Vous croyez que la France a eu une influence sur votre expulsion ? Cinq semaines avant mon expulsion, j’ai pris la parole au sommet Russie-Afrique de Sotchi, et j’ai critiqué la politique africaine de la France. En réalité, ce discours, c’est le même que je tiens depuis des années en Afrique ; il n’a jamais donné lieu à une arrestation. Mais cette fois, la scène était plus grande, plus internationale, mon discours est devenu viral. Le journal français Le Monde en a rendu compte ; à mon retour on me demandait sans cesse si « la dame de Sotchi » c’était bien moi. C’est alors que j’ai compris que ma vie allait fondamentalement changer. Et voilà.

Dans votre discours de Sotchi, vous avez critique notamment le franc CFA — la monnaie qui est utilisée par 14 Etats d’Afrique centrale et de l’Ouest. Qu’est-ce qui vous gène de ce point de vue ?  Le franc CFA a été décrit par le Wall Street Journal comme du « colonialisme monétaire ». Le franc CFA, c’est exactement cela puisque, lors de sa création, il a été appelé le franc des colonies françaises. Aujourd’hui encore, il y a deux Français au conseil de surveillance de la Banque Centrale des Etats de l’Afrique de l’Ouest et un Français à la Banque des États de l’Afrique centrale. Nous devons avoir 50 % de nos réserves en dépôt en devises au Trésor public de Paris, en contrepartie de quoi la France garantit la convertibilité du franc CFA. Sa valeur était initialement rattachée à celle du franc français ; aujourd’hui, elle l’est à celle de l’euro sans que les peuples concernés n’aient été consultés. Les pays des zones CFA n’ont donc aucune possibilité de réévaluer ou de dévaluer leur monnaie ; c’est d’ailleurs pour cette raison qu’ils ont une monnaie beaucoup trop forte. Le franc CFA agit donc à la fois comme une taxe à l’exportation et comme une subvention à l’importation. C’est pourquoi nos propres produits ne sont jamais concurrentiels, c’est un frein à l’industrialisation de l’Afrique.

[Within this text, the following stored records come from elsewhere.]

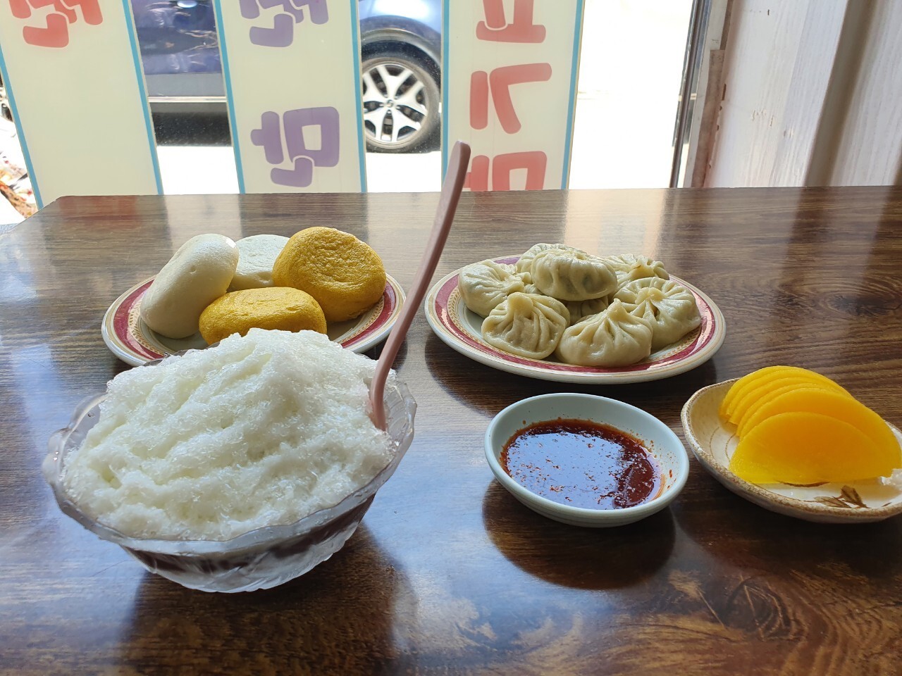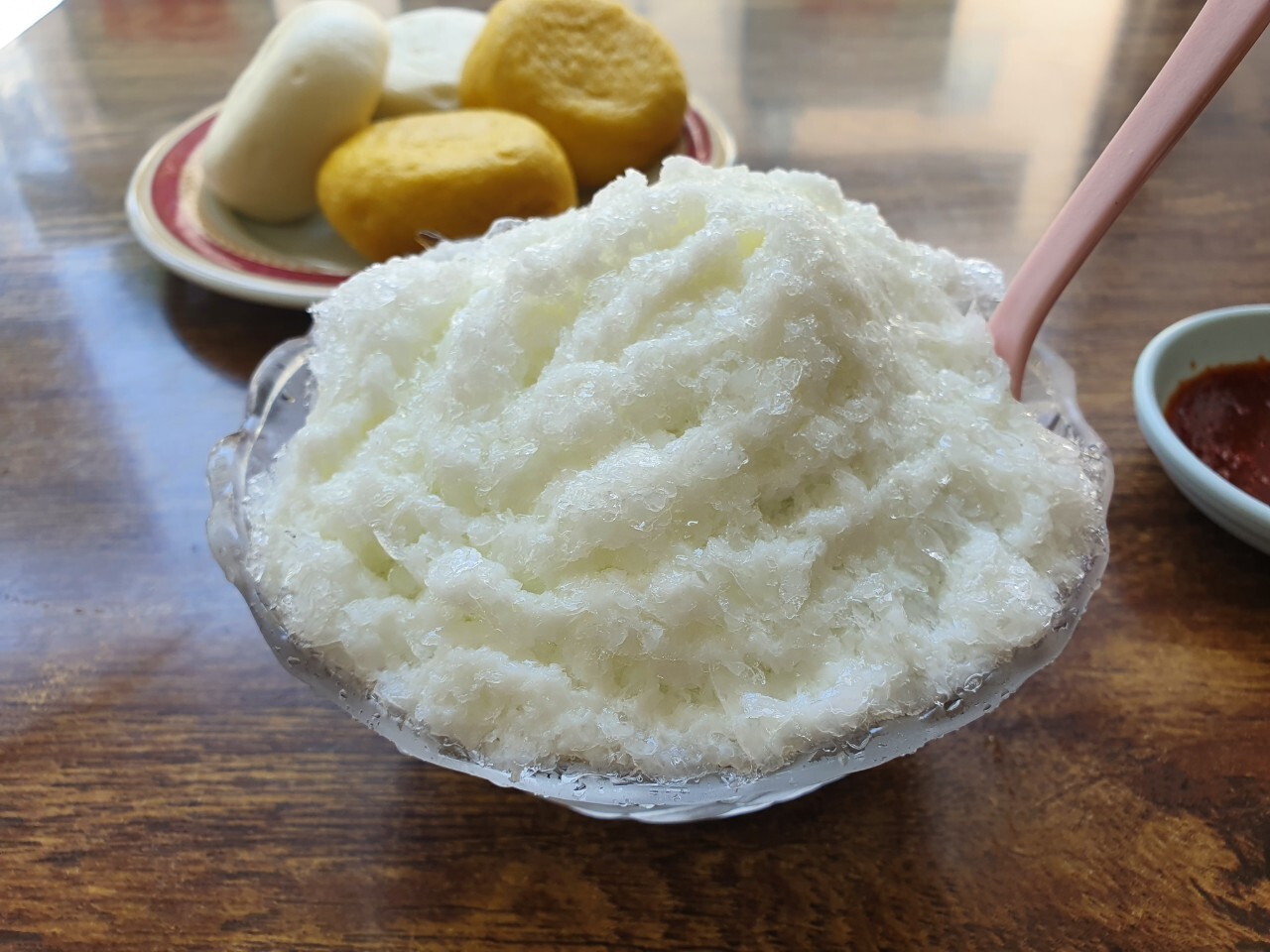 팥빙수 한 그릇에 찐빵 두 개, 만두 4개 먹었더니
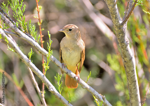 ruiseñor posado en una rama (Luscinia megarhynchos) Marbella Andalucía España
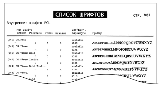 Можно выполнить печать списка, чтобы проверить шрифты, доступные в режиме PCL.
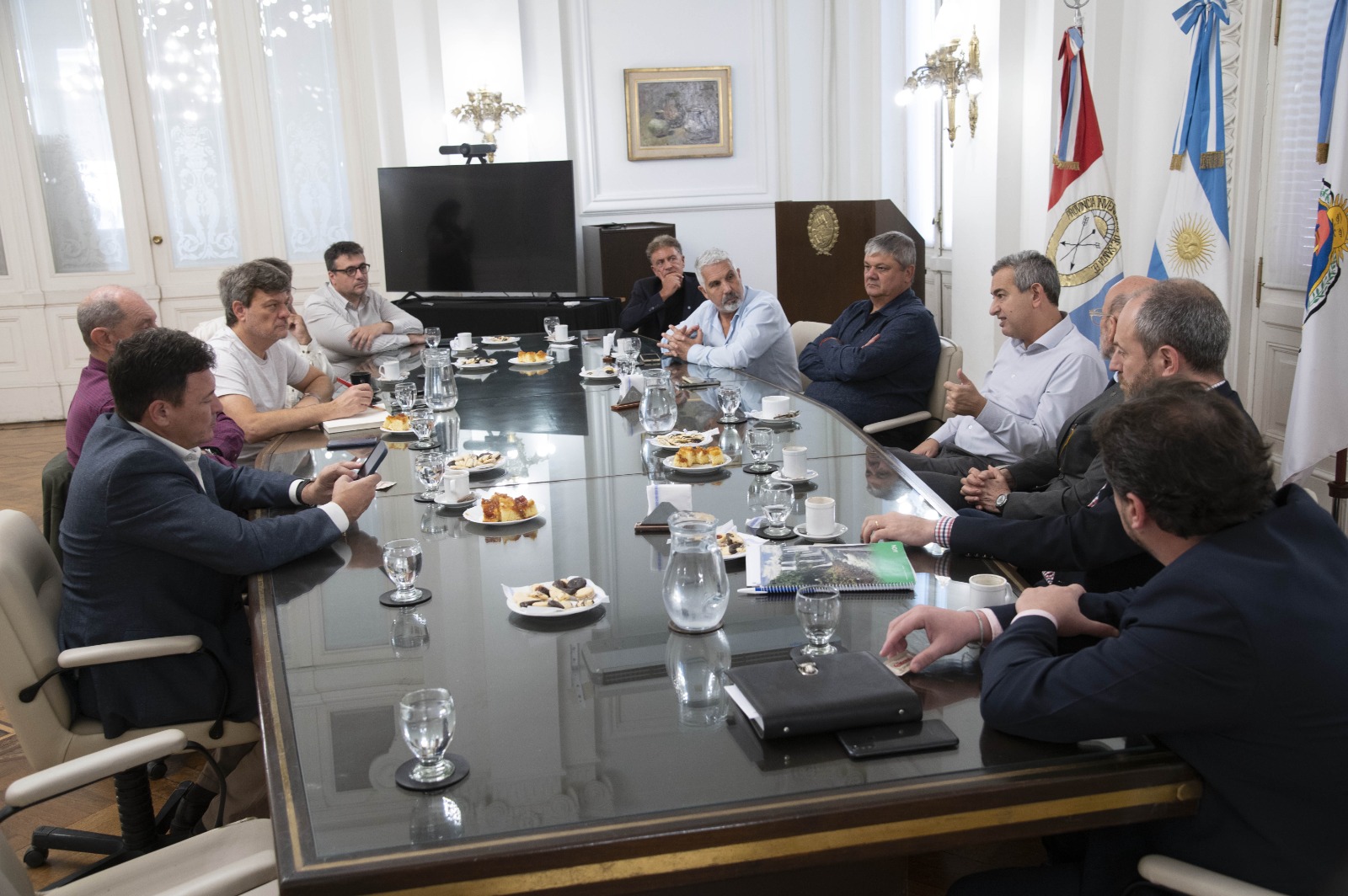 El Intendente de Rosario Pablo Javkin, en su carácter de Presidente del ECOM Rosario, coordinó el encuentro del que participaron los intendentes que conforman el Directorio: Leonardo Raimundo (San Lorenzo), Adrián Maglia (Granadero Baigorria), Alberto Ricci (Villa Gobernador Gálvez), Jorge Berti (Villa Constitución) y Daniel Cinalli (Capitán Bermúdez).
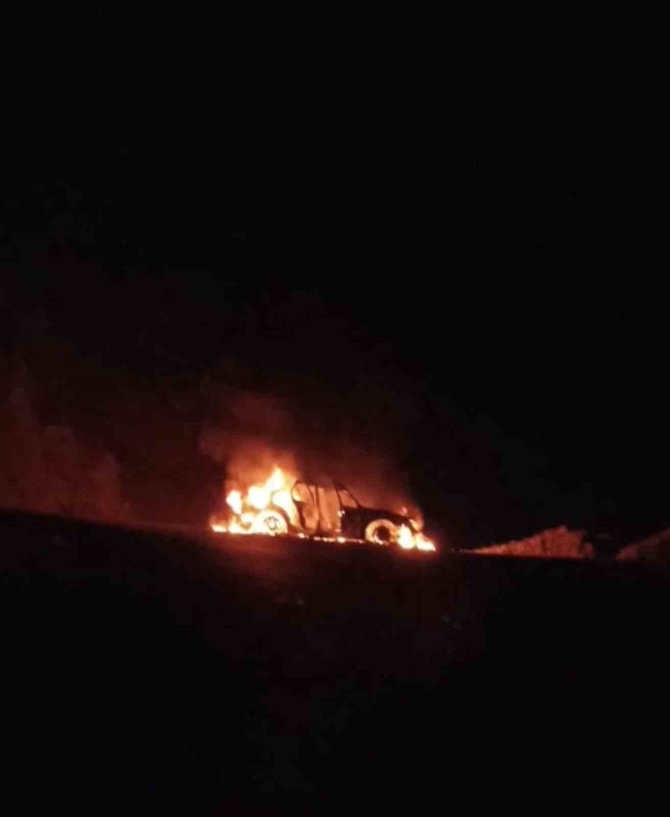 Seyir halindeki otomobil yanarak kullanılamaz hale geldi

La garantie de sa convertibilité fait du franc CFA l’une des monnaies les plus stables, ce qui la rend attractive aux yeux des investisseurs étrangers tout en garantissant des taux d’intérêt bas pour le remboursement des dettes de l’Etat. N’est-ce pas là un véritable avantage comparatif ?   Si le franc CFA est si attractif, pourquoi la France justement réalise-t-elle ses plus gros investissements en Angola, en Afrique du Sud, au Kenya, au Mozambique et en Algérie ? Aucun de ces pays n’a le franc CFA. En Afrique, fondamentalement, on investit de préférence dans les pays qui ont des revenus pétroliers ou bien dans des pays où l’État de droit fonctionne — indépendamment de la monnaie. Non, la seule stabilité que garantisse le franc CFA, c’est celle de la pauvreté. La France, à l’inverse, en profite. Un exemple : pour le franc CFA, les billets sont imprimés en France, la monnaie est frappée en France, ce qui représente entre 40 et 50 pour cent du volume des commande de la Banque de France en ce domaine ; cela fait des pays du franc CFA des « clients importants », que l’on souhaite conserver, comme le dit la Banque de France elle-même.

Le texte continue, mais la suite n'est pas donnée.